4.        Aunado  a lo anterior, tampoco  podría tenerse a la abogada recurrente como habilitada para  impugnar la decisión, bajo el supuesto de encontrarse  vulnerados sus derechos a título personal, ya que la actuación  desplegada en el asunto que se cuestiona solo compete a las partes  allí involucradas y no a los apoderados, por cuanto:  

«(…)  el  profesional del derecho que la auspicia dentro del trámite de  un determinado proceso es un simple apoderado judicial y, en ningún  momento, resulta afectado en tales derechos cuando los funcionarios  judiciales incurren en vías de hecho al hacer pronunciamientos  en el curso de la instrucción y fallo del mismo.  

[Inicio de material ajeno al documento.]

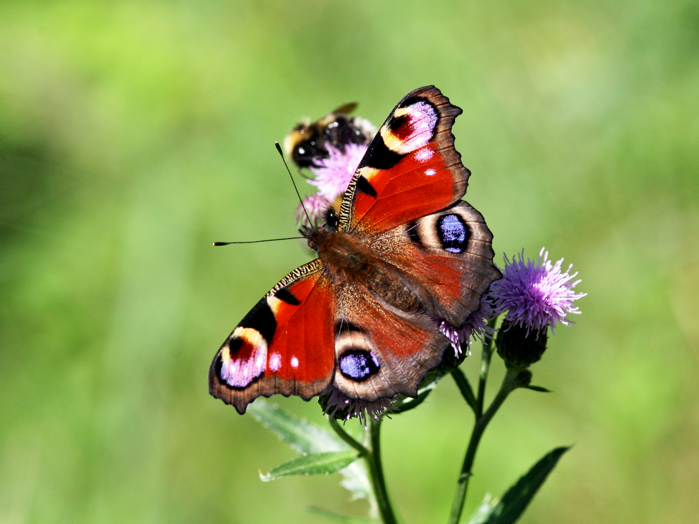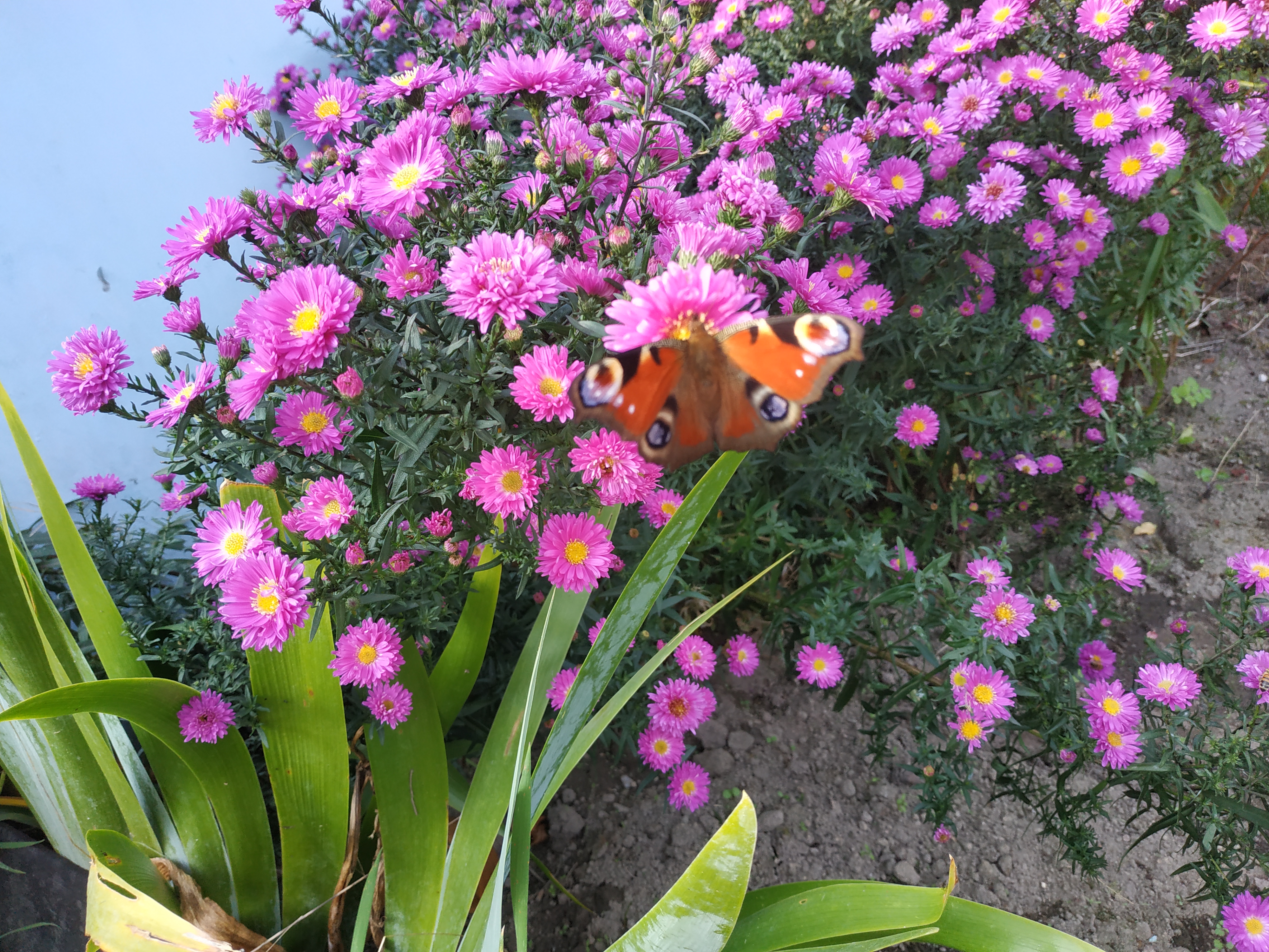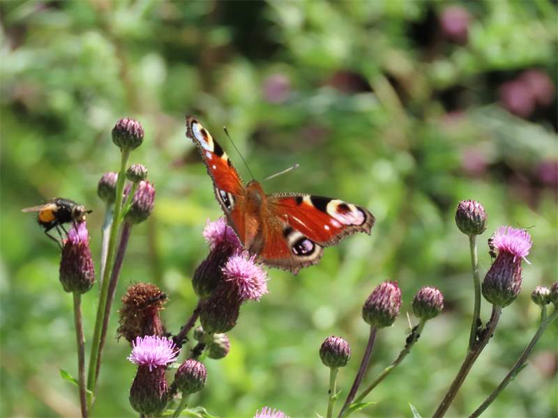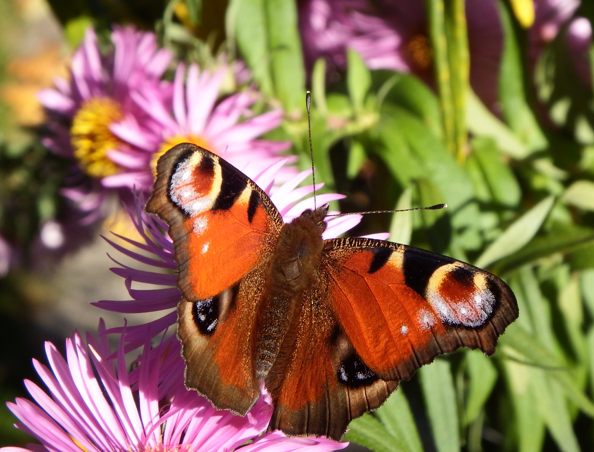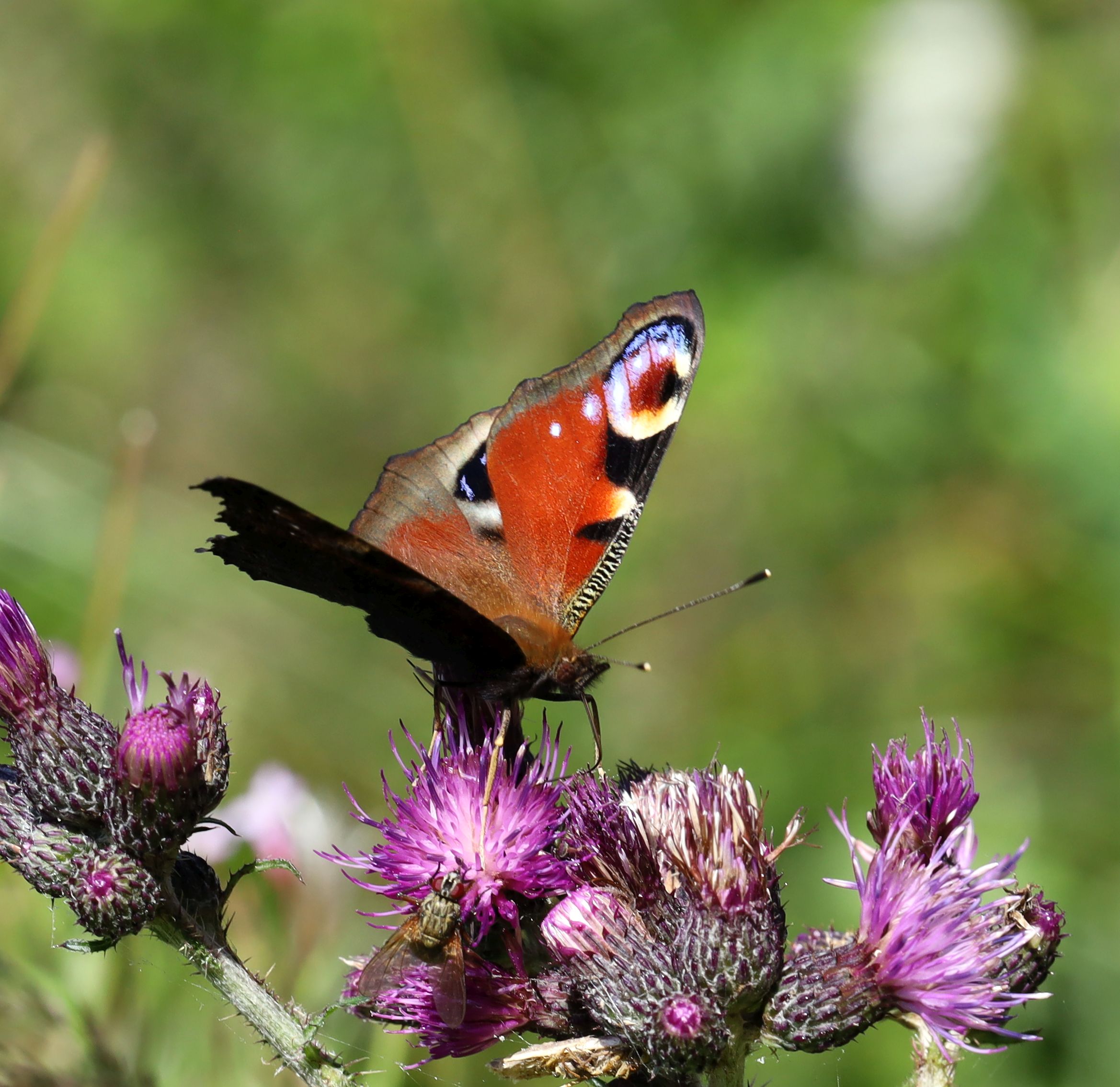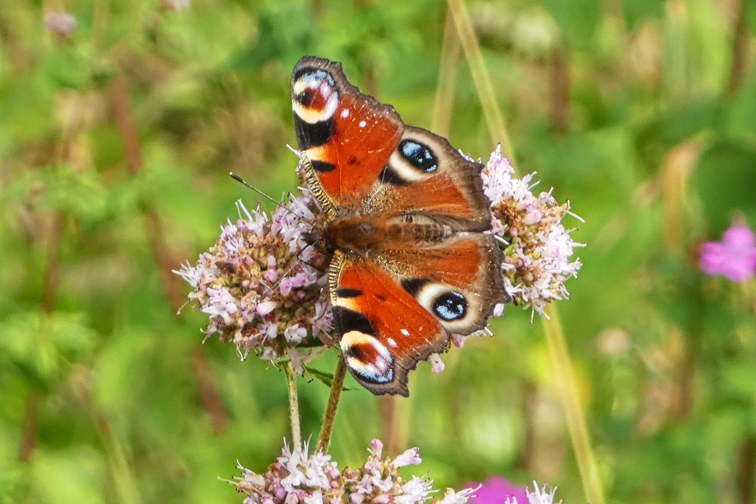 Tagpfauenauge (Aglais io (Linnaeus, 1758)), Larven in verschiedenen Entwicklungsstadien, bei Taubenheim, August 2016.

5.        Así  las cosas, en el presente caso resultaba perentorio que la  profesional del derecho que impugnó el fallo de la Sala Civil  Familia del Tribunal Superior de Barranquilla demostrara en debida  forma el derecho de postulación para tal evento, omisión  que impide dar trámite al recurso, más si se tiene en  cuenta que «cuando  un Juez se enfrenta con una solicitud de impugnación, preciso  es que se examine la legitimación, el interés y la  oportunidad respectiva»,  y como en este caso no se cumplen a cabalidad todos esos  condicionamientos, siguiendo los precedentes de esta Corte «deviene  impróspera la admisión del recurso»  (CSJ ATC, 14 dic. 2010, rad. 00008-02, reiterado en ATC465-2018,  15 feb. 2018, rad. 00948-01, entre otros).  

6.        Corolario  de lo discurrido, se inadmitirá la impugnación  planteada y en su lugar se ordenará remitir el expediente a la  Corte Constitucional conforme lo dispuesto en el inciso 2 del  artículo 31 del Decreto 2591 de 1991.  

DECISIÓN  

En  mérito de lo expuesto, el suscrito Magistrado de la Sala de  Casación Civil de la Corte Suprema de Justicia,  

RESUELVE:  

PRIMERO:        Declarar  inadmisible la impugnación interpuesta contra la sentencia de  fecha, naturaleza y procedencia ya referidas.  

SEGUNDO:  En  consecuencia, previa comunicación de lo resuelto a las partes  y al a  quo, se  ordena la remisión del expediente a  la Corte Constitucional para que se surta el trámite de su  eventual revisión.  

Notifíquese  y cúmplase,  

LUIS  ALONSO RICO PUERTA  

Magistrado  

1          Lo anterior, toda vez que, revisado el          expediente, no se evidenció la aportación del citado          poder especial, aunado a que dicha información se verificó          con la Secretaría de la Sala Civil Familia del Tribunal          Superior de Barranquilla, quien, en comunicación electrónica          de 4 de agosto de 2021, ratificó la falta del citado          documento, correo que se anexa a esta foliatura.